Построенный в заснеженных горах дом выглядел обжитым и ухоженным. Крепкие промерзшие бревна плотно прилегали друг к другу. Белый дым клубился над крышей. Небо было голубым и чистым.

– Посмотри, – позвала Бертина Джаада, указывая на замерзшее окно.

Там, за ледяными узорами, где господствовали тепло и покой, темноволосая женщина кормила грудью младенца. Его крохотные губы снова и снова жадно обхватывали набухший коричневый сосок и снова и снова выпускали его изо рта. Беззубый рот инстинктивно причмокивал, а по щекам текло материнское молоко.

– Почему они живут здесь? – спросил Бертину Джаад.

– Прячутся, – сказала она. – Прячутся, потому что знают, что скоро начнется война. Война, которую начал ты, Джаад.

– Я хочу поговорить с ними.

– Зачем?

– Не знаю. Может быть, попросить прощения. Сказать, что война продлится недолго.

– Для тебя недолго, Джаад.

– Неважно. Я… Я… Я просто хочу прикоснуться к ним. Ощутить их тепло. Заглянуть в их жизнь.

– Ты знаешь, что это невозможно.

– Нет ничего невозможного, Бертина, – Джаад вышел из спасительного поля Саддука и постучал в закрытую дверь…

* * *

Холод. Это было первое, что почувствовал Джаад. Ледяные ладони забрались под белый хитон, пронзая кожу тысячами игл. Джаад улыбнулся. Новое чувство нравилось ему, но симпатии эти не были долгими. Иглы проткнули кожу и стали пробираться дальше, к самым костям. Джаад испугался и сильнее постучал в дверь. Безволосая голова покрылась инеем. Иней навис на ресницах, забил нос. «Ну, где же все?!» – думал Джаад, дергая холодную ручку. Пальцы прилипли к ледяной стали. Мышцы под темной кожей напряглись. Тупая боль обожгла руку. Частички кожи остались на железной ручке. Кровь выступила из ран. «Как это?» – думал Джаад, а кристально чистые снежинки падали с неба на его плечи. И эта тишина! Она была какой-то неестественной, промерзшей до самых атомов.

– Кто вы? – спросил Джаада Виг, открывая дверь, но тут же растерянно замолчал, увидев, что незнакомец почти неодет. – Как… Как… Как вы здесь оказались?
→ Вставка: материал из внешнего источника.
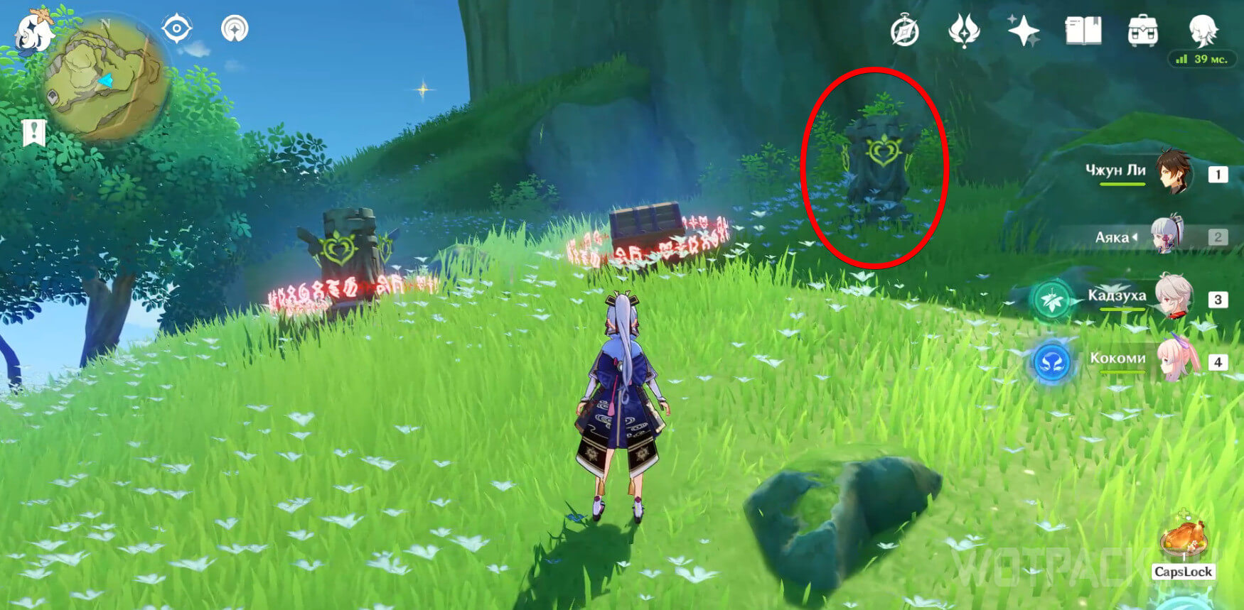 В той же пещере есть загадка с рунами на земле и тремя Дендро корягами вокруг них. Чтобы получить награду, нужно зажечь весь рисунок. Для этого, с помощью навыков Дендро персонажей или Дедрогранумов, поднимите все камни. Тогда руны загорятся и появится обычный сундук.

– Как? – переспросил Джаад, обернулся, посмотрел на небо и снова на Вига. – У меня кровь, – показал он ему свои пальцы.

Виг кивнул. Почесал кучерявую голову и снова кивнул.

* * *

Чай был горячим, мед сладким, а дом уютным. Джаад сидел за столом, закутавшись в шерстяное одеяло, и пытался унять дрожь. Младенец на руках Зои тихо улюлюкал.

– Могу я прикоснуться к нему? – спросил женщину Джаад. Она вздрогнула и посмотрела на Вига. – Я не причиню ему зла, – пообещал Джаад. Его пальцы дотронулись до розовой щеки младенца. – Это потрясающе! – прошептал Джаад. – Такая нежная, как шелк! И эти черты! – он обследовал лицо ребенка, словно слепец исследует лицо незнакомца. – У вас есть глина?

– Что? – удивилась женщина.

– Глина или гипс. Я мог бы передать им линии вашего ребенка, увековечить его невинность…

– Так вы – шарманщик! – оживился Виг.

– Шарманщик? – смутился Джаад. – Нет. Я не шарманщик.

– Но как же тогда…

– Руками. Нужно лишь знать, что ты действительно хочешь создать. Верить в это. И…

– Так не бывает, – вздохнула Зоя, и по лицу ее пробежала тень разочарования. – Искусство принадлежит шарманкам, и никто не может без них ничего создать.

– Я могу.

– Значит, это не будет ничего стоить.

– Стоить? Вы оцениваете искусство деньгами?

– Образно.

– Если вы достанете для меня глину или гипс, то я докажу вам, что это не так.

– Я вам не верю.

– Зоя! – позвал женщину Виг. Они отошли в сторону. – Не знаю, что все это значит, но думаю, мы должны дать ему шанс.

– Почему?

– Потому что его появление здесь может быть неслучайным. Ты видела, во что он был одет? Никто не смог бы добраться сюда в такой одежде.

– Хочешь сказать, что он…

– Не знаю, знак ли это или проклятие, но мы не должны отвергать его. Что если сам Господь послал нам одного из своих ангелов?

– Он не похож на ангела.

– Разве обличие имеет значение? – Виг положил руку на женское плечо и спросил у Джаада, подойдет ли ему камень в качестве материала вместо глины и гипса.

– В таком случае мне понадобятся дополнительные инструменты.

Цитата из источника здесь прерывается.